Host: Benjamin Thompson

And eavesdropping on a glacier’s seismic whisper. I’m Benjamin Thompson.

Host: Noah Baker

And I’m Noah Baker.

[Jingle]

Host: Noah Baker

First up on the show, you might remember that last week we had a story about sponges. Well, it seems we’re not done. We have another sponge story coming up now, albeit from much further in the past. Here’s reporter Nick Petrić Howe with more.

Interviewer: Nick Petrić Howe

When did the first animals evolve? It’s a more difficult question than you might think.

Interviewee: Rachel Wood

Well, to be honest, we don’t understand when animals arose at all.

Interviewer: Nick Petrić Howe

This is Rachel Wood, a geologist with an interest in the evolution of life.

Interviewee: Rachel Wood

And this is for two reasons. First of all, the fossil record of animals is incredibly difficult to decipher. We have fossils which we, being palaeontologists and geologists, can put our hands on our hearts and say, ‘This is definitely a fossil animal.’ And certainly, many, many fossils in the Cambrian are undoubtedly animals. So, the Cambrian started at approximately 540 million years ago, so anything younger than that we can be pretty secure is an animal. But going back into older rocks, it gets more and more uncertain.

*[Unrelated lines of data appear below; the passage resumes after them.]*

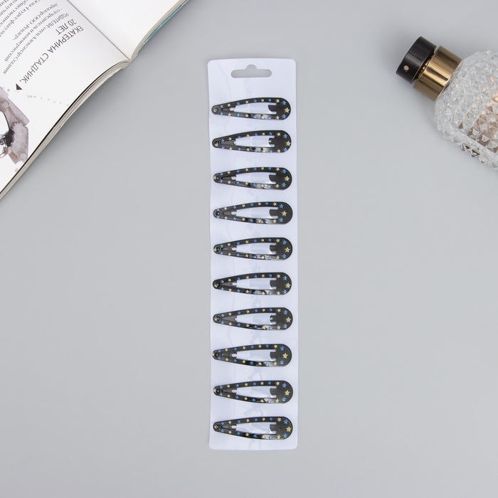 Невидимка для волос "Ночка" (набор 10 шт) чёрно-золотой — идеальные аксессуары для того, чтобы заколоть непослушные прядки или украсить причёску малышки заколочками лаконичной цветовой гаммы.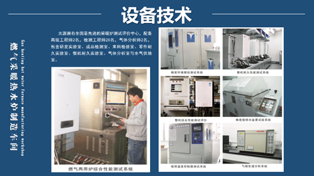 光源擁有全國(guó)最先進(jìn)的采暖爐測(cè)試評(píng)價(jià)中心,配備高級(jí)工程師2名,檢測(cè)工程師20名,氣體分析師2名,包含研發(fā)實(shí)驗(yàn)室、成品檢測(cè)室、來料檢驗(yàn)室、零件耐久實(shí)驗(yàn)室、整機(jī)耐久實(shí)驗(yàn)室、氣體分析室與水氣供給室。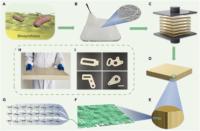 (A)CNF水凝胶可以通过生物合成来生产。 (B)CNF水凝胶及其坚固的三维纳米纤维网络。 (C)在80℃下压制处理过的CNF水凝胶的许多层以制造CNFP。 (D)CNFP的示意图。 (E)CNFP的多层结构。 (F)CNFP中一层的坚固的三维纳米纤维网络。 (G)纤维素分子链通过氢键紧密结合在一起,并在CNF表面暴露出许多–OH基团,形成纤维间氢键。 (H)体积为320毫米×220毫米×27毫米的大型CNFP的照片。 (I)用铣床生产的形状不同的CNFP零件。比例尺:1厘米(I)。

Interviewer: Nick Petrić Howe

Scientists are pretty confident that some fossils from around 550 million years ago are animals. But much earlier than that and things get much more murky. And hang on, didn’t Rachel say there were two major problems?

Interviewee: Rachel Wood

The other set of the problems – as if that wasn’t enough – is that the other way we have of trying to work out the origin of major changes in the evolution of life is to use what’s called molecular phylogeny. So, this is really just a family tree based on relatedness of DNA, and when you do this for elucidating the origin of animals, most molecular phylogenies suggest that the origin of animals was anywhere between approximately 650 and 850 million years.

Interviewer: Nick Petrić Howe

There are also many theories for what the earliest animals may have looked like. One points to sponges.

Interviewee: Rachel Wood

One of the reasons that sponges, in particular, are such a focus of interest is that they’re often accepted to be the most basal of animals.

Interviewer: Nick Petrić Howe

Sponges – and, yes, they are animals, think about that next time you’re in the shower – don’t have complicated nervous, circulatory or digestive systems. They survive by filter feeding from water. They also have far fewer cell types than other animals, so they may not be a bad place for an evolutionary start. And this week in

Nature

, there’s a paper that claims to have found a sponge from 890 million years ago. Here’s Elizabeth Turner, the paper author.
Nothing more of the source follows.